Cao Yin, Kong Qiuqiang, Iqbal Turab, An Fengyan, Wang Wenwu, Plumbley Mark D. (2019) Polyphonic sound event detection and localization using a two-stage strategy,Proceedings of Detection and Classification of Acoustic Scenes and Events Workshop (DCASE 2019) pp. pp 30-34 New York University
Sound event detection (SED) and localization refer to recognizing
sound events and estimating their spatial and temporal locations.
Using neural networks has become the prevailing method for SED.
In the area of sound localization, which is usually performed by estimating
the direction of arrival (DOA), learning-based methods have
recently been developed.

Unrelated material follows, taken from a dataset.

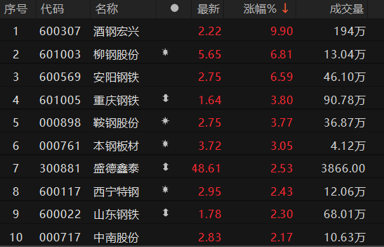上证报中国证券网讯 3月13日,钢铁板块快速拉升,截至9时38分,酒钢宏兴涨停,柳钢股份、安阳钢铁、重庆钢铁等跟涨。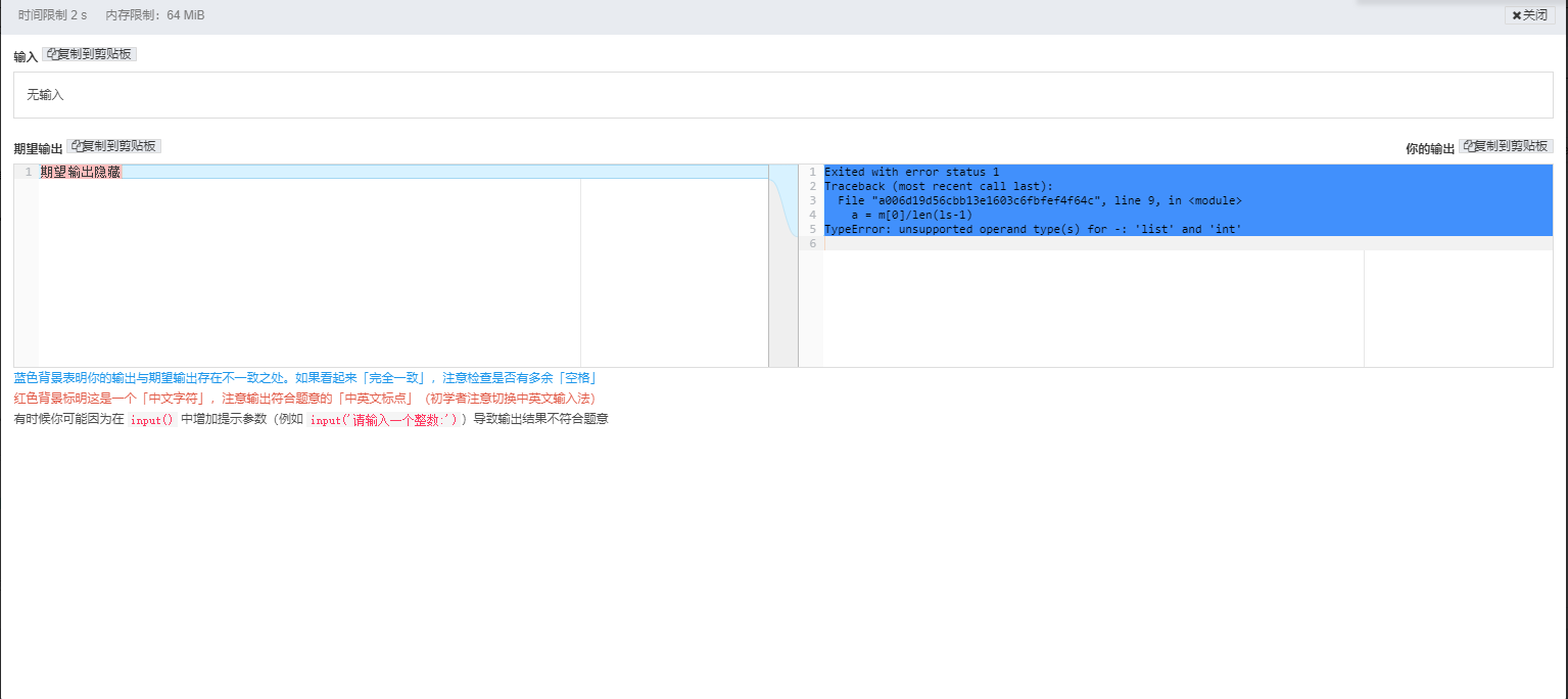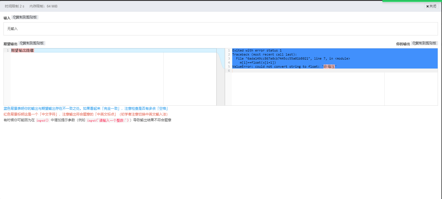 错误分析:此时列表的第一个元素不是待处理的数值而是文字。

In this paper, it is experimentally shown
that the trained SED model is able to contribute to the direction
of arrival estimation (DOAE). However, joint training of SED and
DOAE degrades the performance of both. Based on these results, a
two-stage polyphonic sound event detection and localization method
is proposed. The method learns SED first, after which the learned
feature layers are transferred for DOAE. It then uses the SED ground
truth as a mask to train DOAE. The proposed method is evaluated on
the DCASE 2019 Task 3 dataset, which contains different overlapping
sound events in different environments. Experimental results
show that the proposed method is able to improve the performance
of both SED and DOAE, and also performs significantly better than
the baseline method.
Kong Qiuqiang, Wang Yuxuan, Song Xuchen, Cao Yin, Wang Wenwu, Plumbley Mark D. (2020) Source separation with weakly labelled data: An approach to computational auditory scene analysis,ICASSP 2020
Source separation is the task of separating an audio recording into individual sound sources. Source separation is fundamental for computational auditory scene analysis. Previous work on source separation has focused on separating particular sound classes such as speech and music. Much previous work requires mixtures and clean source pairs for training. In this work, we propose a source separation framework trained with weakly labelled data. Weakly labelled data only contains
the tags of an audio clip, without the occurrence time of sound events. We first train a sound event detection system with AudioSet. The trained sound event detection system is used to detect segments that are most likely to contain a target sound event. Then a regression is learnt from a mixture of two randomly selected segments to a target segment conditioned on the audio tagging prediction of the target segment. Our proposed
system can separate 527 kinds of sound classes from
AudioSet within a single system. A U-Net is adopted for the separation system and achieves an average SDR of 5.67 dB over 527 sound classes in AudioSet.
Iqbal Turab, Cao Yin, Kong Qiuqiang, Plumbley Mark D., Wang Wenwu (2020) Learning with Out-of-Distribution Data for Audio Classification,International Conference on Acoustics, Speech, and Signal Processing (ICASSP), 2020
In supervised machine learning, the assumption that training data is labelled correctly is not always satisfied. In this paper, we investigate an instance of labelling error for classification tasks in which the dataset is corrupted with out-of-distribution
(OOD) instances: data that does not belong to any of the target classes, but is labelled as such. We show that detecting and relabelling certain OOD instances, rather than discarding them, can have a positive effect on learning. The proposed method uses an auxiliary classifier, trained on data that is known to be
in-distribution, for detection and relabelling. The amount of data required for this is shown to be small. Experiments are carried out on the FSDnoisy18k audio dataset, where OOD instances are very prevalent. The proposed method is shown to improve the performance of convolutional neural networks by a significant margin. Comparisons with other noise-robust techniques are similarly encouraging.